5 Conclusion and Future Work

In this paper, we presented the novel SBreathNet architecture consuming time and phase domain features for the extraction of breathing patterns from speech signals during reading and spontaneous tasks. We performed LOSO analysis to understand the r-value between the predicted and the true breathing patterns for each speaker. The speaker-wise analysis helps in understanding the performance variation across speakers. This also reveals the impact of ingressiveness on the model performance. These observations are not evident from the overall performance of the model. We conclude that LOSO analysis is a strong analysis technique to understand the performance better and identify the challenges in extracting breathing patterns from the speech signals. We have presented the impact of the ingressive speech on the model’s performance in extracting the breathing patterns accurately. Hence, in future work, we will have a focus on collecting more data and identifying ingressive speech.

During our discussion, we explored the performance of SBreathNet on two speech categories: reading and spontaneous speaking, involving a group of 100 speakers.
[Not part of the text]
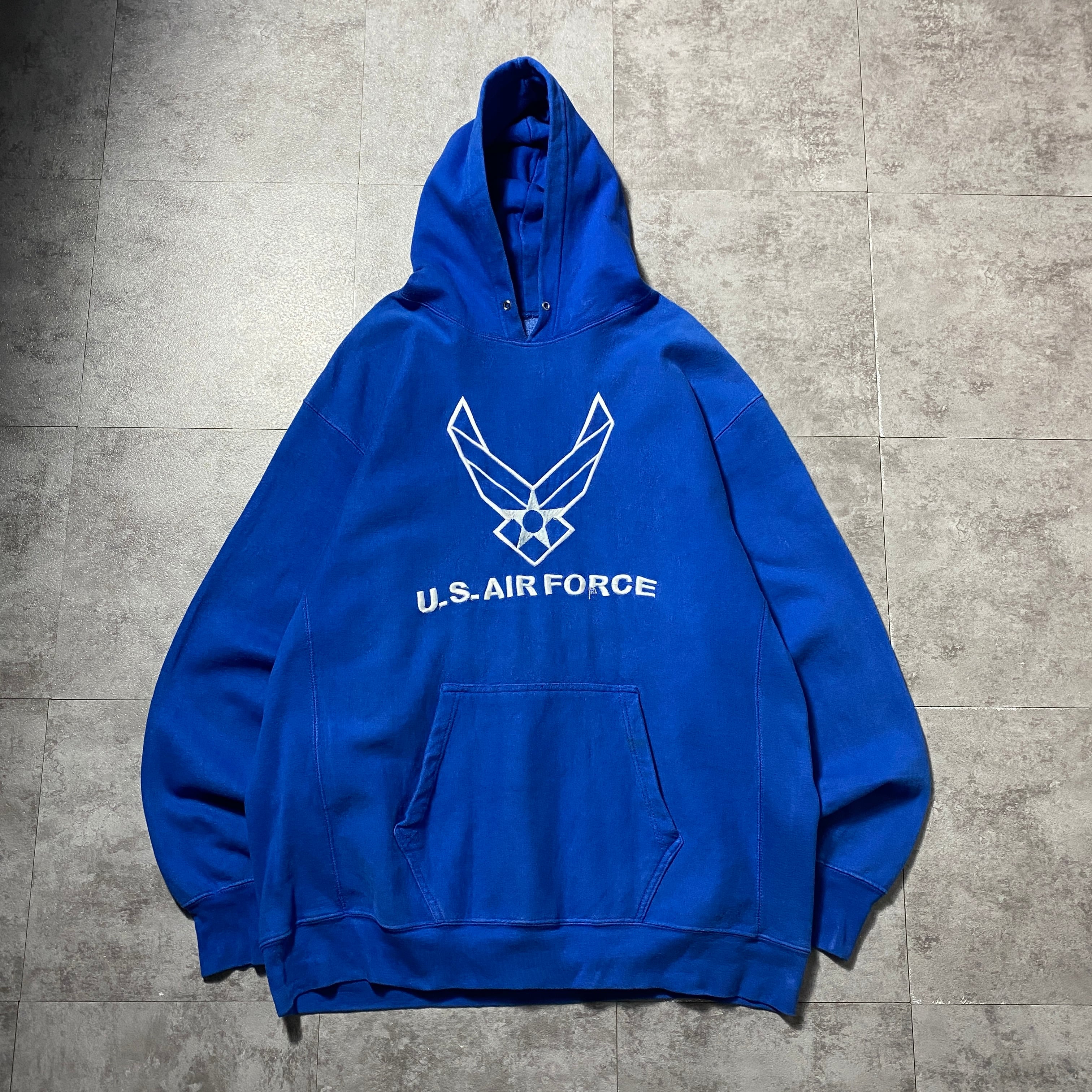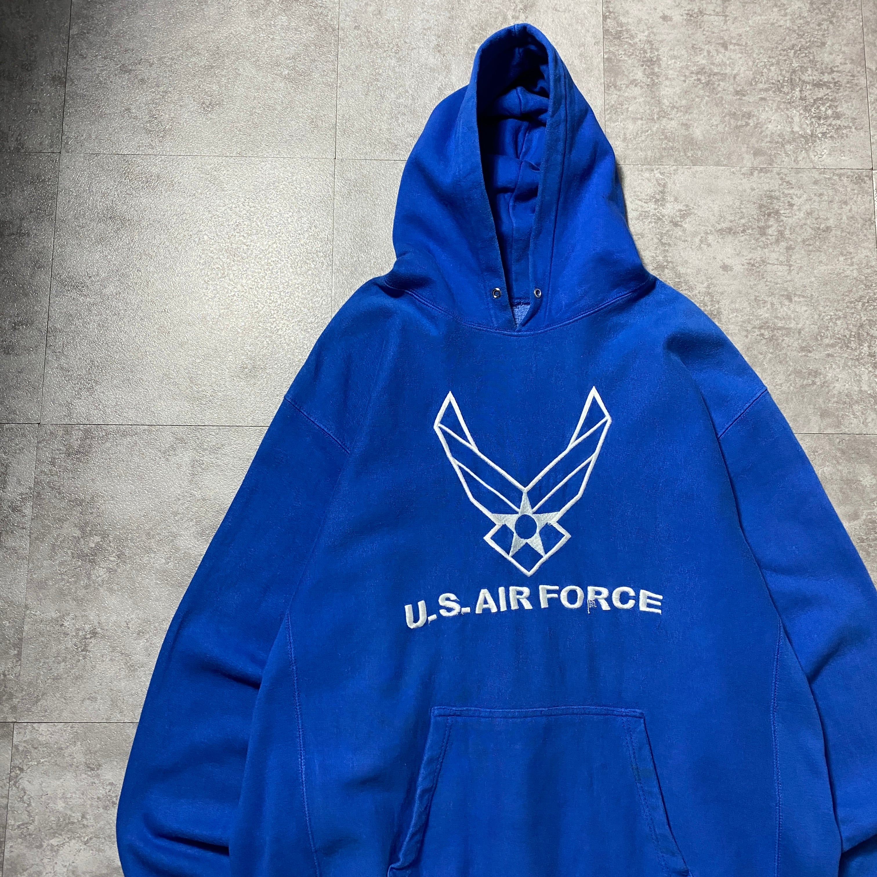 【Size:XL】00's STEVE&BARRY'S スティーブアンドバリーズ U.S.AIR FORCE アメリカ空軍 刺繍ロゴ リバースウィーブ ブルー スウェット パーカー

It was evident that the model achieved superior results in reading speech compared to spontaneous speech. However, both categories encountered common challenges, such as ingressiveness and deep valleys in the breathing patterns. Moreover, the spontaneous speech category presented an additional obstacle: the randomness of breath events, including the start of inhalation and exhalation. We plan to extend our analysis to address these challenges in our future work.